Carriages, Coaches, Landaus, Gigs, Phaetons, and More – How to Write Regency Accident Scenes

This is a repeat from a 2019 post by request of two of my author friends. Enjoy!

There are many fine posts on the internet regarding the various types of coaches available to those of the Regency, but such is not the purpose of my piece today. This one has more to do with writing scenes in which these vehicles break down and the aftermath.

One of the many plot devices available to us as writers is a coach breaking down. When this happens, what are some of the realities of such an accident. I know I have had my fair share of disabled vehicles in my stories. In truth, in some of my earlier ones, I was not as accurate as I am now, nor as accurate as I hope to be in the future. Historical facts are a steep learning curve, and, as I have little to no personal experience with these types of transportation, I am constantly learning. Therefore, I am including a variety of facts I hope will help others struggling with these scenes.
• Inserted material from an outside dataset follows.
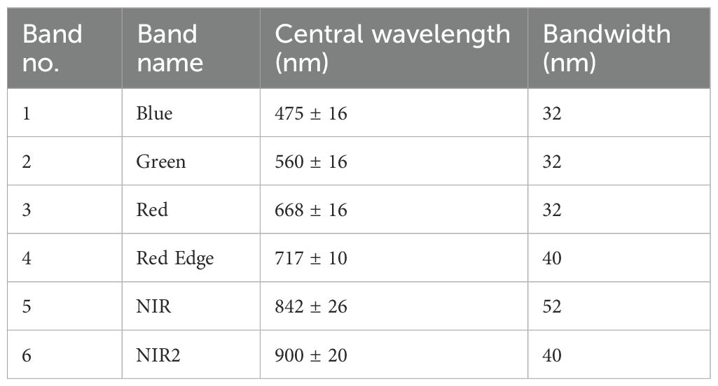 The adoption of remote sensing technology presents a more effective approach to deriving crop LAI from spectral data (Sadeh et al., 2021; Dhakar et al., 2021). Recent advances have demonstrated that UAV-based multispectral imaging can substantially improve the accuracy of crop LAI and chlorophyll estimation, benefiting from its high spatial resolution and spectral sensitivity (Parida et al., 2024). This technology significantly mitigates the constraints of traditional measurement methods, allowing researchers to economically and swiftly gather extensive crop canopy data (Furbank and Tester, 2011). Nonetheless, the temporal and spatial resolutions of most satellite data do not meet the rigorous demands of precision agriculture. In this context, Unmanned Aerial Vehicle (UAV) technology plays a pivotal role by facilitating high-throughput phenotypic analysis (Chapman et al., 2018). The integration of UAV-based LiDAR and multispectral imaging has proven effective for high-throughput phenotyping of dry bean, enabling accurate, non-destructive estimation of plant height, lodging, and seed yield, highlighting the potential of UAV-based phenotyping in precision agriculture and crop breeding programs (Panigrahi et al., 2025).Offering lower altitudes and capturing data with higher spatial resolution, UAVs provide more detailed information compared to satellite data (Araus and Cairns, 2014). Combining UAV RGB and multispectral indices enables accurate field-scale monitoring of nitrogen status and yield prediction (Chatraei Azizabadi et al., 2025).In addition, multi-source UAV data fusion frameworks have been developed for real-time LAI estimation, highlighting the importance of integrating structural and spectral information (Du et al., 2024).

One thing each writer must keep in mind, the speed at which the characters are traveling and the stamina of both the horses and the occupants of the vehicle are equally as important as is the size of the carriage. Pay attention to that fact as I include some facts on each type.


Miss de Bourgh drove by in her phaeton, which he never failed coming to inform them of, though it happened almost every day. (Chapter 29, Jane Austen’s Pride and Prejudice).

Miss De Bourgh’s phaeton and ponies is an extravagant display of her family’s wealth. To be able to afford a specialized carriage for only one person’s use demonstrates the family’s affluence. In comparison, the Bennets, who are less wealthy than Lady Catherine, have one set of horses for the whole family. Therefore, when the horses are needed to work on the farm, the carriage cannot be used and the family must walk to their destination.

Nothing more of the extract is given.